PROJECT OUTCOMES REPORT
![]()
Disclaimer
This Project Outcomes Report for the General Public is displayed verbatim as submitted by the Principal Investigator (PI) for this award. Any opinions, findings, and conclusions or recommendations expressed in this Report are those of the PI and do not necessarily reflect the views of the National Science Foundation; NSF has not approved or endorsed its content.
At the University of Georgia, approximately 140 undergraduate and graduate students participated in the collection of, and extraction of data from, more than 40,000 allegations concerning physical integrity rights abuse from a selection of US State Department, Amnesty International, and Human Rights Watch annual human rights reports covering the time period from 1999 through 2016. These allegations were then used to generate an automated process that extracted more than 1.6 million possible allegations concerning physical integrity rights abuse from these same reports over the same time period.
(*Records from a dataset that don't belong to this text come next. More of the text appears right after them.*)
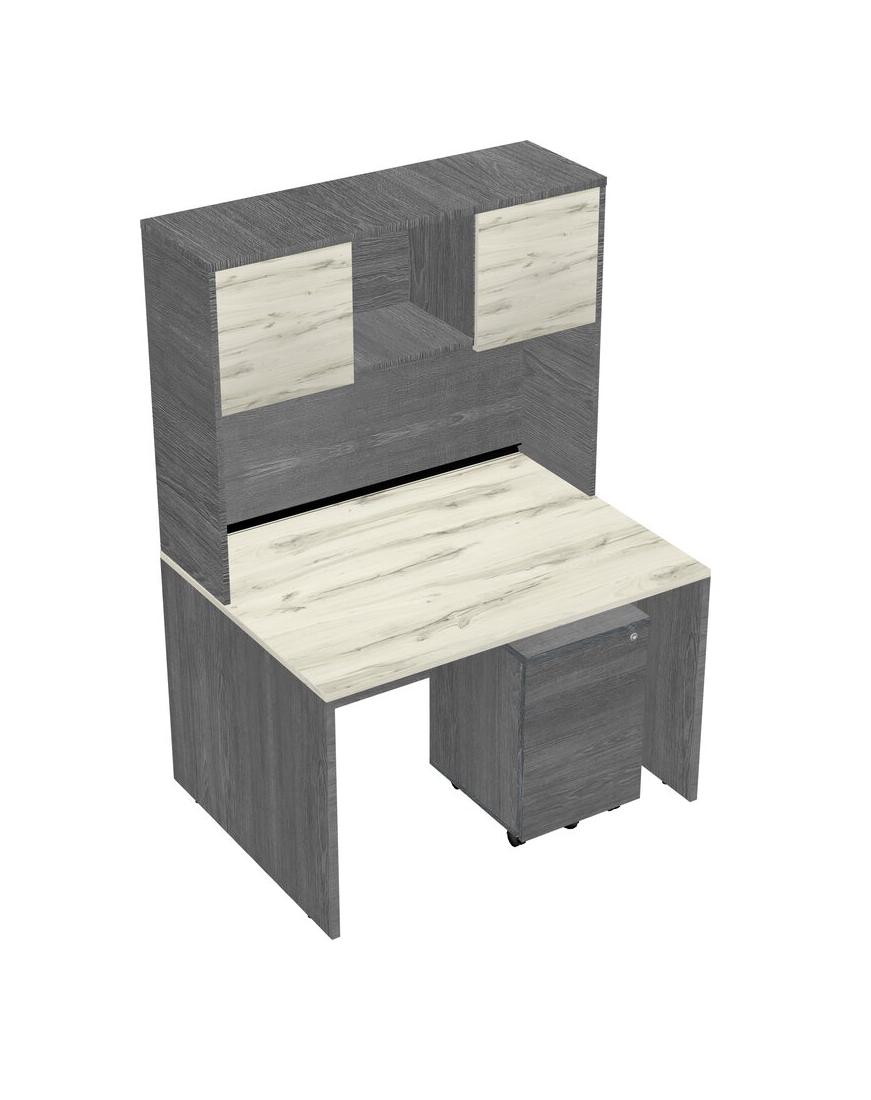 Heinne Holz Rectangular Office Desk Plus Grey Wooden Mobile Drawers And Grey Hutch
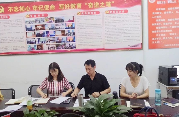 栾亚敏首先传达了5月9日云南文化艺术职业学院2019年党风廉政建设工作会议精神,并带领逐条认真学习《2019年度云南文化艺术职业学院党风廉政建设责任书》的考核内容,要求全体教师要始终绷紧党风廉政这根弦。2018年在落实党风廉政建设过程中,虽然年终考核舞蹈学院直属党支部被评为先进,但今年的工作要求更高,必须要做好考核结果运用。从加强学习教育、强化内部管理和完善制度机制入手,采取切实有效的措施,积极构建反腐倡廉防范体系,狠抓工作落实,切实把党风廉政建设落到实处。会上舞蹈学院栾亚敏书记、曹琳院长和副院长美兰卓玛签订《党风廉政建设“一岗双责”责任书》。
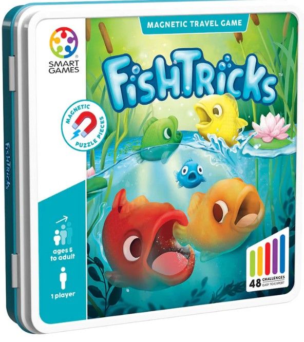 FishTricks este un joc de calatorie distractiv si captivant, din seria Smart Games, de inalta calitate, care vine intr-o cutie metalica robusta si 48 de provocari logice cu dificultati crescatoare, recomandat pentru varstele 5+, care testeaza si dezvolta abilitatile cognitive ale jucatorilor.

Finally, supervised machine learning models were used to estimate the probability that each of these allegations actually contained information concerning abuses like disappearance, torture, political imprisonment, and extrajudicial killing. Using these probabilities, we created a dataset of 388,864 unique abuse allegations in 196 countries between 1999 and 2016. This is a new data set of physical integrity rights allegations that has never before existed and should drive the study of human rights forward for years to come.
At the time of this report in November 2019, work on this award has been completed at the University of Georgia. However, the other awards associated with this collaborative research (#1626775 and #1627464) are ongoing. As such, the final results of this collaborative project are still forthcoming.